Since joining the faculty of Brown in 1972, I have tried to mentor the next generation as payback for the mentoring I received. At the local level, besides the many wonderful undergraduate and graduate students and postdocs mentored in my lab, I served for more than three decades as the director, principal investigator (PI), and then co-PI of our National Institutes of Health (NIH) graduate student training grant. As the founding chair of the Department of Molecular Biology, Cell Biology, and Biochemistry, I also mentored junior faculty. I have been active in graduate and postdoctoral training at the national level, serving as a founding member and chair of the Association of American Medical Colleges Graduate Research Education and Training Group and as chair of a Federation of American Societies for Experimental Biology conference on this subject, publishing several articles with Howard Garrison (deputy executive director for policy). As part of my activities in ASCB public policy, I testified before the House and Senate Subcommittees on Appropriations about the importance of NIH funding for graduate education. It was awesome to realize how many thousands of scientists would benefit from my three-minute testimony!
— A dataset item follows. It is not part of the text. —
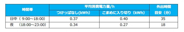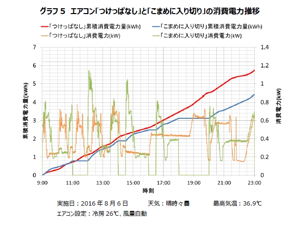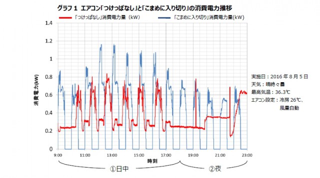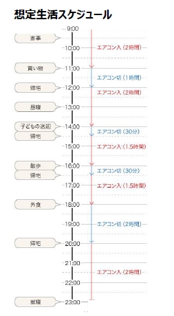 1日の生活スケジュールを想定して、9:00から23:00まで「つけっぱなし」にしたエアコンと、外出時に運転をOFFにしたエアコンの消費電力量を比較調査。

The ASCB plays an important role in nurturing the careers of cell biologists from their time as students to established investigators. As a beginning graduate student, I attended my first ASCB meeting in 1965 and later served as program chair (1986), member of the ASCB Council (1988–1990), chair of WICB (1991), and president (1993). It is noteworthy that my PhD advisor Joe Gall, who was ASCB president in 1968, trained three ASCB presidents (Mary Lou Pardue, Liz Blackburn, and me). Moreover, all three of us are women, and for his nurturing of women in science, Gall received the WICB Senior Award in 2006. It is a great honor to follow in his footsteps to receive this honor myself.